3.5 Forecasting
The basic idea of forecasting with an ARIMA model is the same as forecasting with a time-varying regressiion model.
We estimate a model and the parameters for that model. For example, let’s say we want to forecast with ARIMA(2,1,0) model: \[y_t = \beta_1 y_{t-1} + \beta_2 y_{t-2} + e_t\] where \(y_t\) is the first difference of our anchovy data.
Let’s estimate the \(\beta\)’s for this model from the 1964-1987 anchovy data.
fit <- Arima(anchovy87ts, order=c(2,1,0))
coef(fit)
## ar1 ar2
## -0.3347994 -0.1453928
So we will forecast with this model:
\[y_t = -0.3348 y_{t-1} - 0.1454 y_{t-2} + e_t\]
So to get our forecast for 1988, we do this
\[(y_{1988}-y_{1987}) = -0.3348 (y_{1987}-y_{1986}) - 0.1454 (y_{1986}-y_{1985})\]
Thus
\[y_{1988} = y_{1987}-0.3348 (y_{1987}-y_{1986}) - 0.1454 (y_{1986}-y_{1985})\]

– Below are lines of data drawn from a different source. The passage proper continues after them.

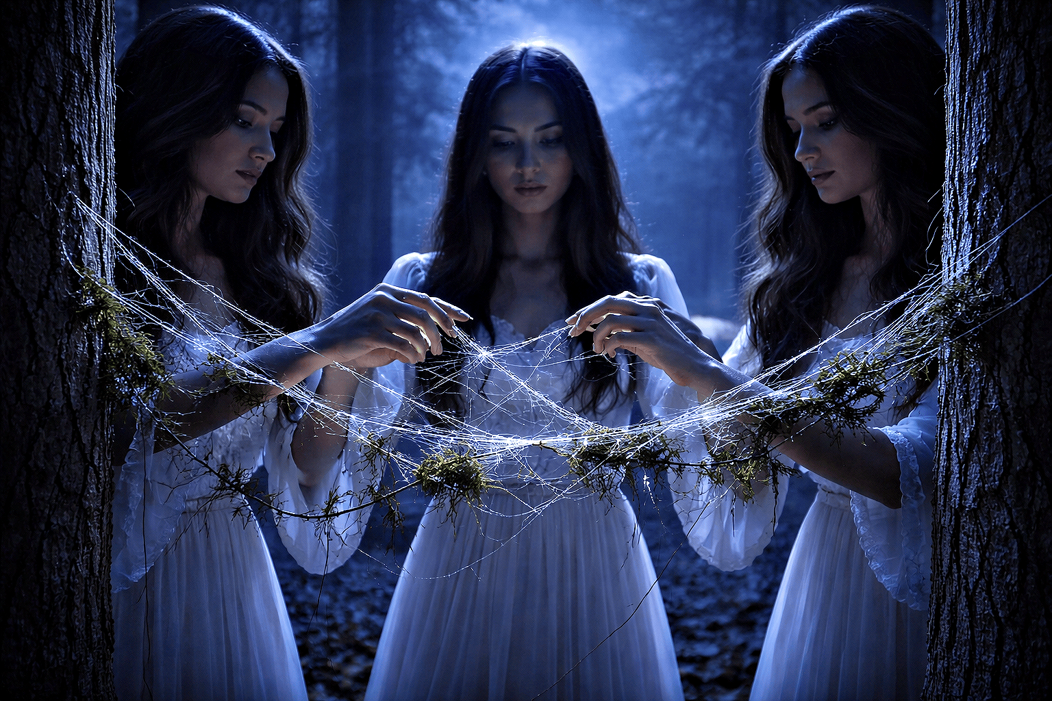 Du trenger tre tydelige punkter rundt deg for å definere ritualets hellige sirkel. Dette kan være tre trær i en skog, tre tente lys i et mørkt rom, eller bare tre enkle gjenstander du plasserer på gulvet for å markere et triangel. Mellom disse punktene ser du for deg fine, nesten usynlige tråder som spennes opp. Ikke se for deg tunge tau eller jernlenker, men noe sart og spindelvev-aktig som flyter i luften. Dette representerer dine ubevisste forbindelser, gamle minner som nekter å falme, uavklarte relasjoner, eller versjoner av deg selv som du har vokst fra, men som fortsatt krever din energi. Forberedelsen er en symbolsk handling for å avgrense et sted der du kan være helt uforstyrret i din prosess.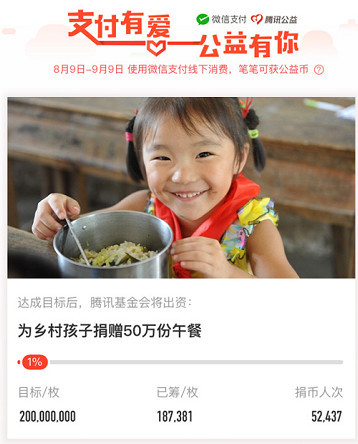 截至 2016 年 12 月,騰訊移動支付月活躍賬戶及日均支付交易筆數均超過 6 億,公益幣項目得以依托龐大的微信支付用戶及商戶群體。如果每個用戶都愿意捐獻一枚公益幣,那么騰訊公益一個月將為孩子們換來 150 萬份午餐。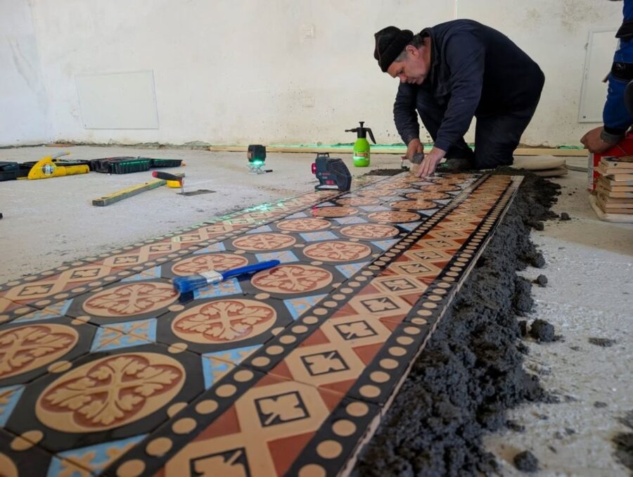 Procesul de restaurare a pardoselii din Sala Cavalerilor, din incinta Castelului Corvinilor din Hunedoara, a intrat în ultima etapă, în următoarea perioadă urmând să fie montate aici 7.969 de plăci ceramice realizate manual, după tehnologia folosită în anul 1868, de către primii restauratori ai sălii.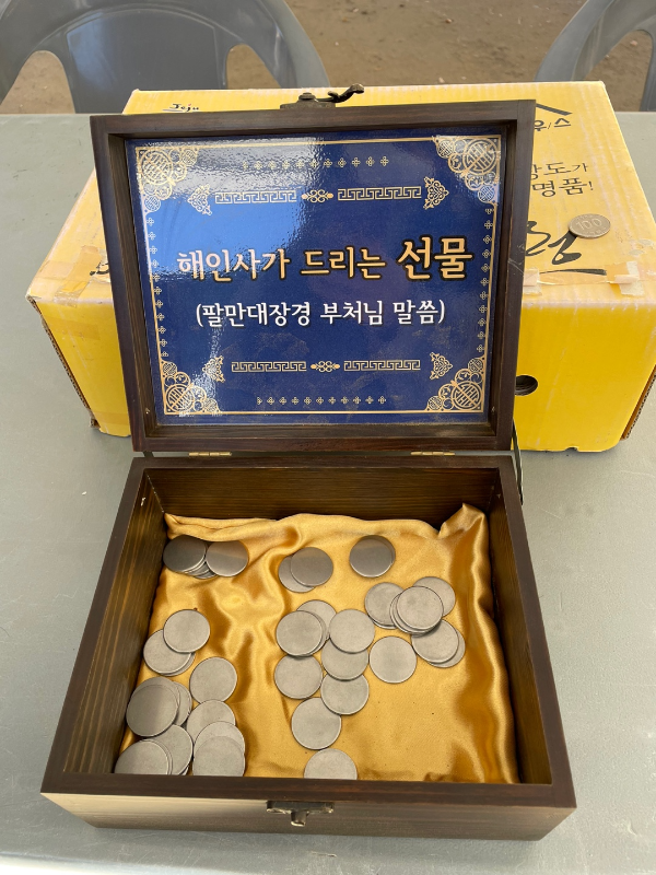 옆에 준비된 코인을 팔만윤장대에 넣고 돌리면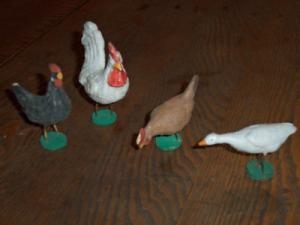 Vintage Old Primitive Composition Chicken & Duck Figure Lot of 4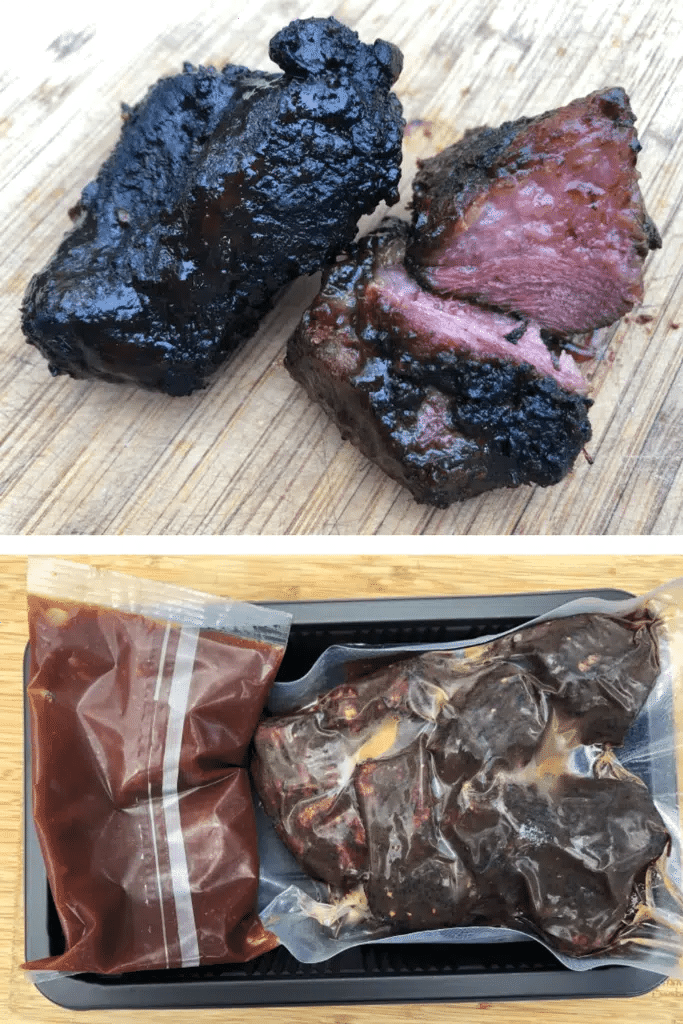 2- Placez l’ensemble du paquet de burnt ends sous vide dans la casserole et éteignez le feu.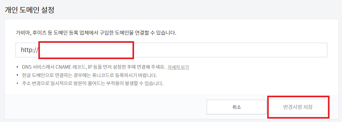 - 본인이 보유 하고 있는 도메인을 입력 > "변경사항 저장"을 클릭하여 준다.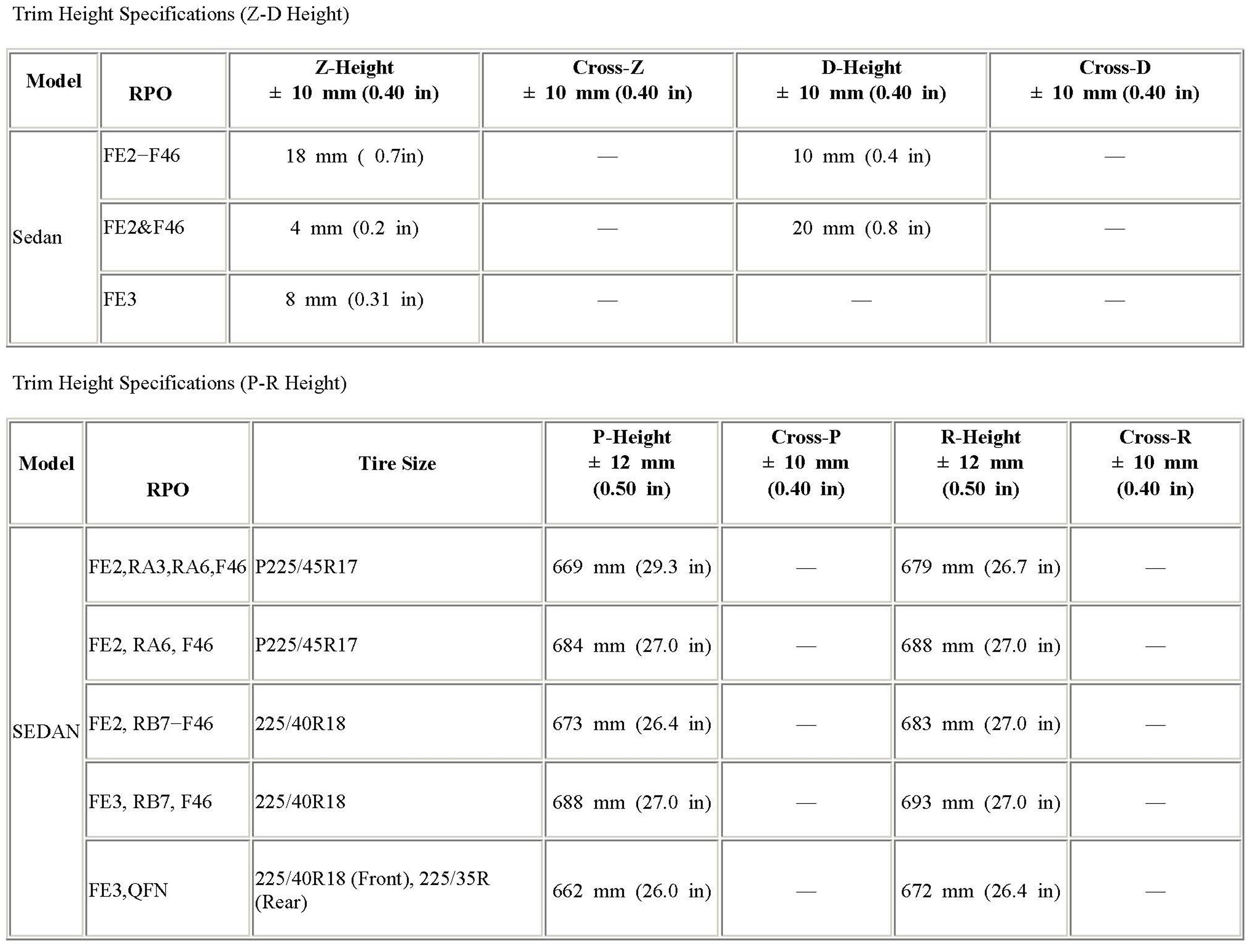 TRIM HEIGHT SPECIFICATIONS
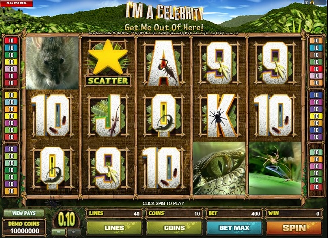 I’M A Celebrity Get Me Out of Here Online Video Slot is a five-reel with forty pay-lines slot game from Microgaming. The slot has a theme of a popular television show in the UK. It involves dumping some down and out ‘celebrities’ in the Australian jungle and persuading them to eat kangaroo testicles. The reels spin in a bamboo frame in front of the view of a blue sky and forested hills. The game complements the television show regarding graphics, animations, and sound effects.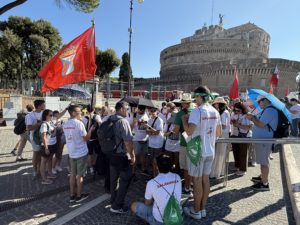 El punto de encuentro fue la Piazza Pia, situada entre el Castel Sant’Angelo y el inicio de la Via della Conciliazione. Allí, junto a miles de jóvenes procedentes de todo el mundo, comenzó la peregrinación con una oración comunitaria, que incluyó salmos, letanías y la lectura de la carta a los Romanos: “La esperanza no quedará defraudada, porque el amor de Dios ha sido derramado en nuestros corazones por el Espíritu Santo” (Rom 5,5).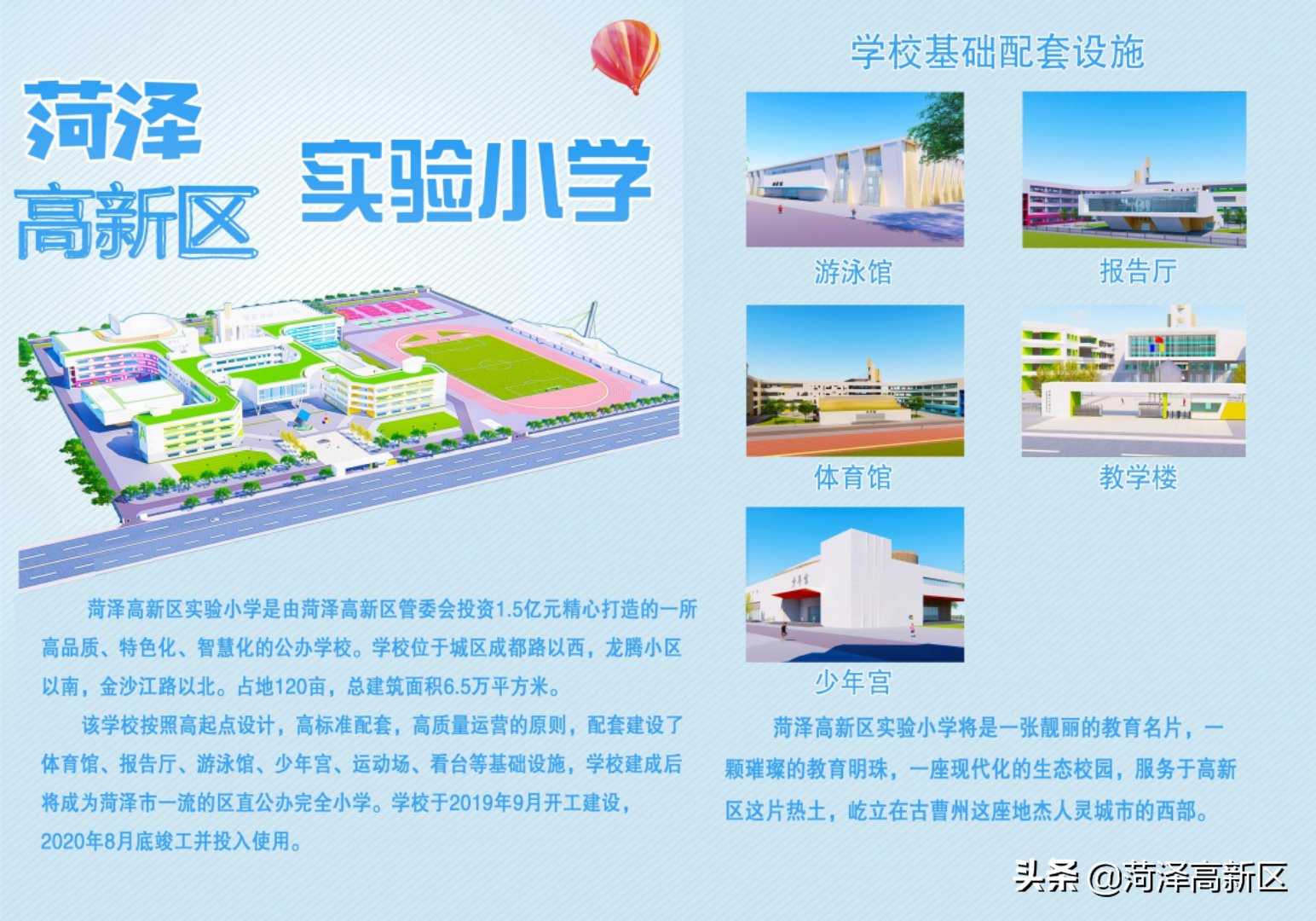 据了解,菏泽高新区实验小学是由菏泽高新区管委会投资1.5亿元,精心规划、建设的一所高品质、特色化、智慧化的公办学校。学校位于高新区成都路以西、龙腾小区以南、金沙江路以北,占地120亩,总建筑面积6.5万平方米。2019年9月,菏泽高新区实验小学开工建设,目前正在紧张施工建设中,预计将于2020年8月底竣工并投入使用。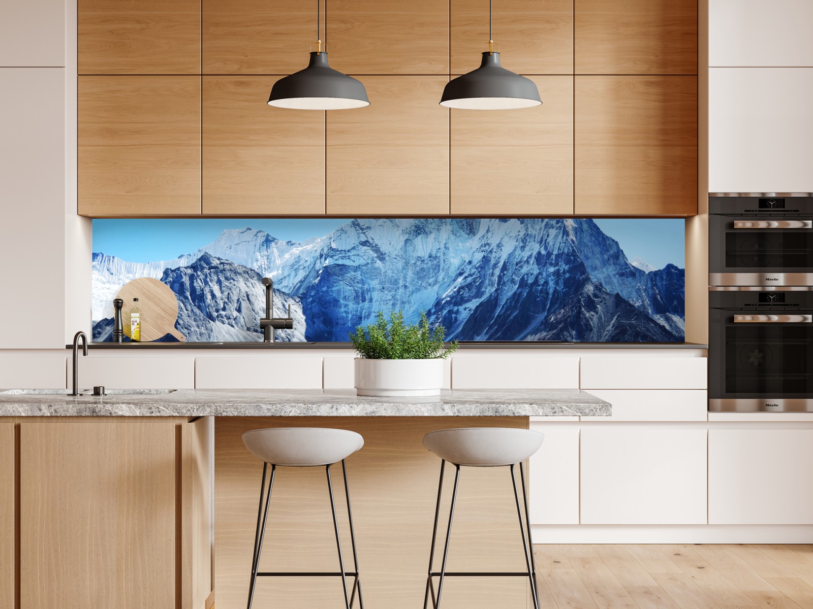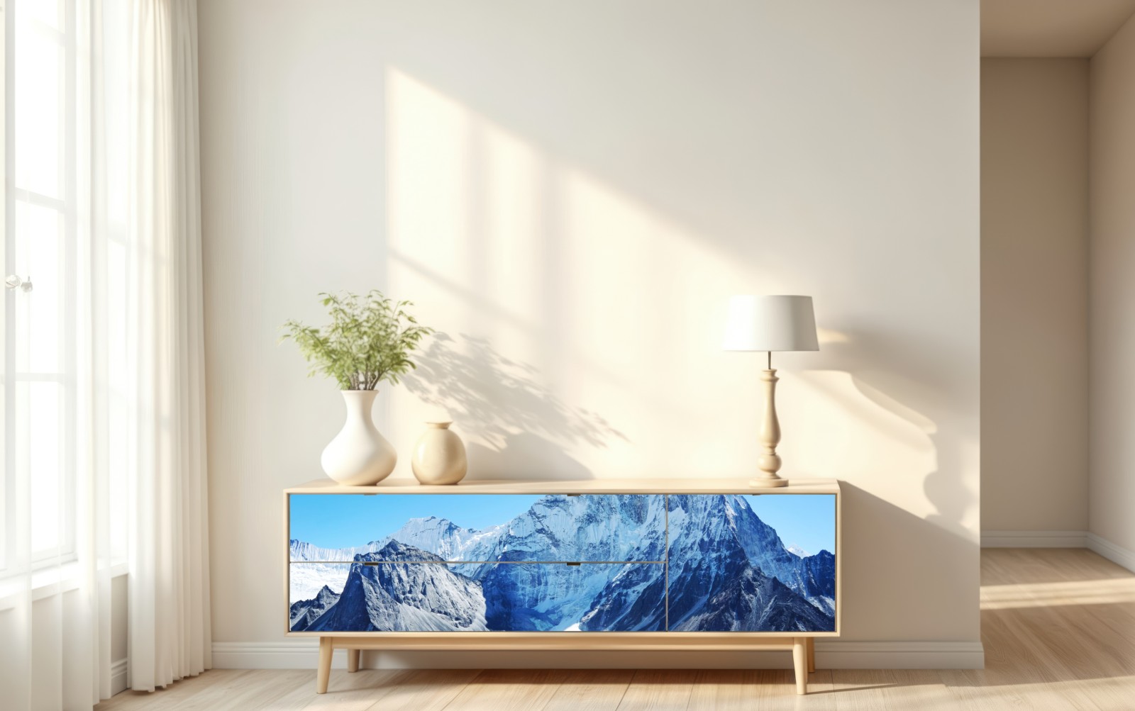 Eine beeindruckende Alpenlandschaft mit einem hohen schneebedeckten Gipfel, Gletschern und türkisfarbenen Seen, die jedem Raum natürliche Ruhe verleiht.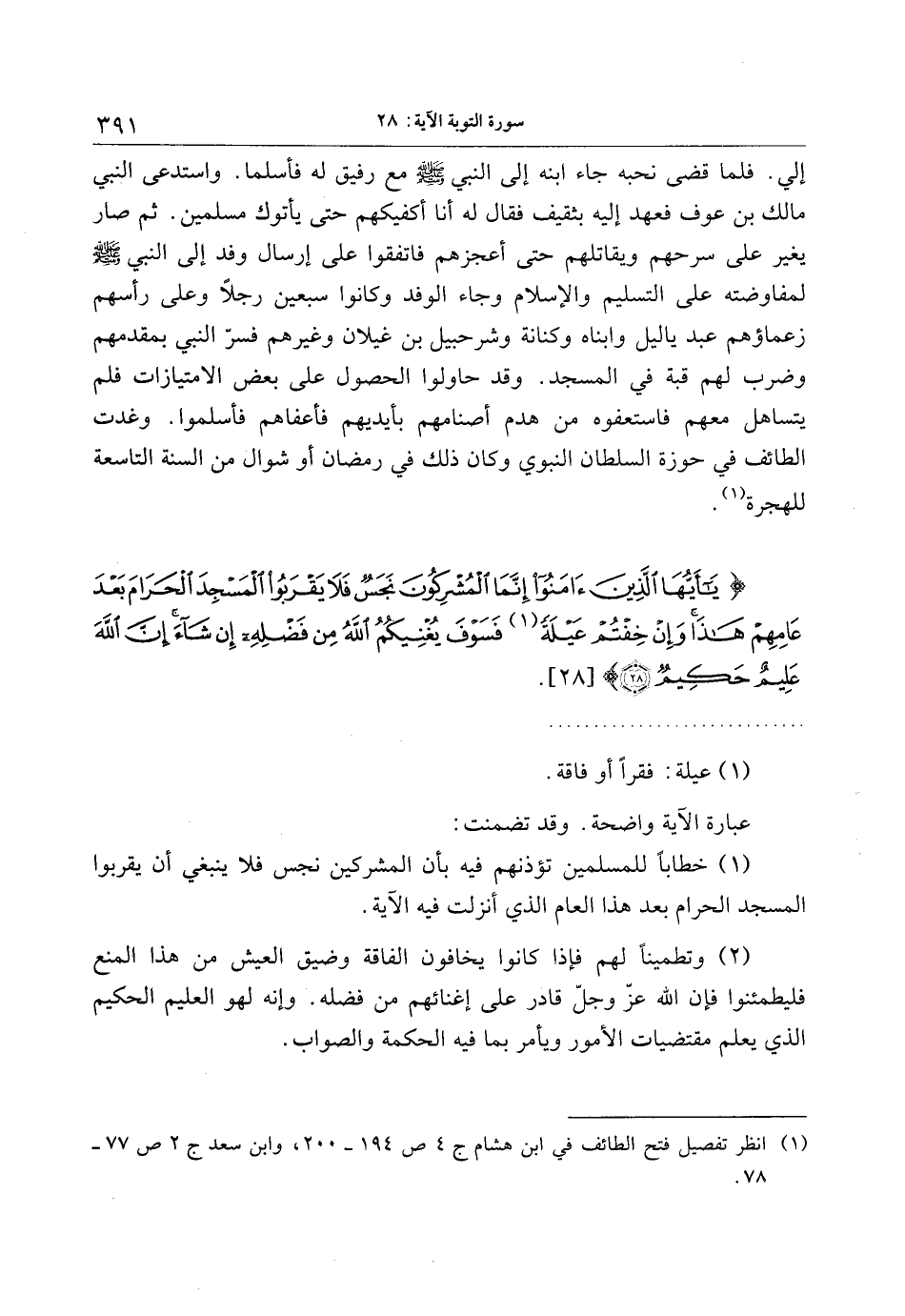 يا أَيُّهَا الَّذِينَ آمَنُوا إِنَّمَا الْمُشْرِكُونَ نَجَسٌ فَلا يَقْرَبُوا الْمَسْجِدَ الْحَرامَ بَعْدَ عامِهِمْ هذا وَإِنْ خِفْتُمْ عَيْلَةً فَسَوْفَ يُغْنِيكُمُ اللَّهُ مِنْ فَضْلِهِ إِنْ شاءَ إِنَّ اللَّهَ عَلِيمٌ حَكِيمٌ (28)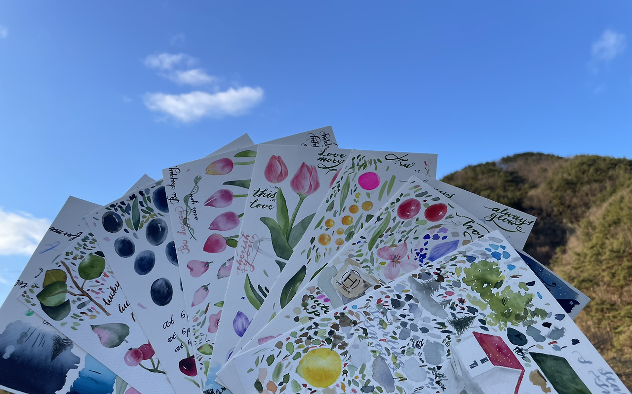 자신만의 색상표를 만드는 일은 수고스럽지만 귀한 재산이 될 일이다. 처음 수채화를 배우러 온 수강생들에게 스승님께서는 꼭 색상표를 만들어보라고 추천하시곤 했다. 허나 딴따라 피가 흐르는 홍디는 곱게 말도 안 듣는다. 핑계를 댄다면 색상표를 공들여 만들어도 살펴볼 인물이 아니다. 매사에 미리 계획하는 J여사이지만 그림 그릴 때만큼은 그날 기분에 따라 조색하는 P가 흐르는 홍디다.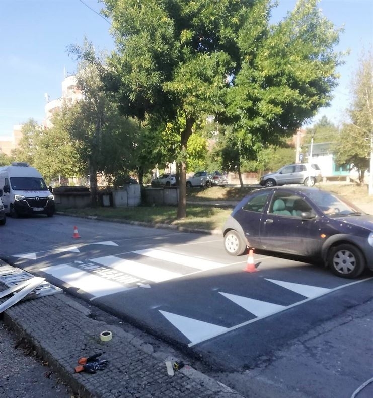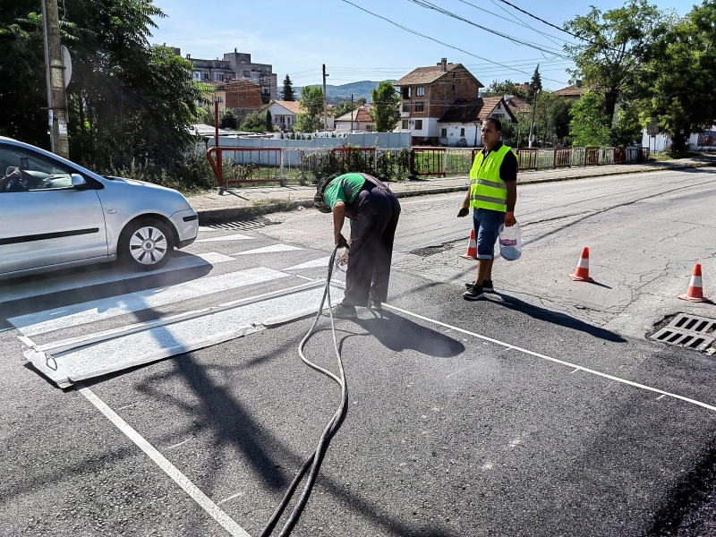 Община Мездра изгради четири повдигнати пешеходни пътеки и обнови хоризонталната пътна маркировка в Мездра /снимки/

Here is R code to do that:
anchovy87ts[24]+coef(fit)[1]*(anchovy87ts[24]-anchovy87ts[23])+
coef(fit)[2]*(anchovy87ts[23]-anchovy87ts[22])
## ar1
## 10.00938
3.5.1 Forecasting with forecast()
forecast(fit, h=h)
automates the forecast calculations for us. forecast()
takes a fitted object, fit
, from arima()
and output forecasts for h
time steps forward. The upper and lower prediction intervals are also computed.
fit <- forecast::auto.arima(sardine87ts, test="adf")
fr <- forecast::forecast(fit, h=5)
fr
## Point Forecast Lo 80 Hi 80 Lo 95 Hi 95
## 1988 10.03216 9.789577 10.27475 9.661160 10.40317
## 1989 10.09625 9.832489 10.36001 9.692861 10.49964
## 1990 10.16034 9.876979 10.44370 9.726977 10.59371
## 1991 10.22443 9.922740 10.52612 9.763035 10.68582
## 1992 10.28852 9.969552 10.60749 9.800701 10.77634
We can plot our forecast with prediction intervals. Here is the sardine forecast:
plot(fr, xlab="Year")
Forecast for anchovy
fit <- forecast::auto.arima(anchovy87ts)
fr <- forecast::forecast(fit, h=5)
plot(fr)
Forecasts for chub mackerel
We can repeat for other species.
spp="Chub.mackerel"
dat <- subset(greeklandings, Species==spp & Year<=1987)$log.metric.tons
dat <- ts(dat, start=1964)
fit <- forecast::auto.arima(dat)
fr <- forecast::forecast(fit, h=5)
plot(fr, ylim=c(6,10))
3.5.2 Missing values
Missing values are allowed for arima()
and we can product forecasts with the same code.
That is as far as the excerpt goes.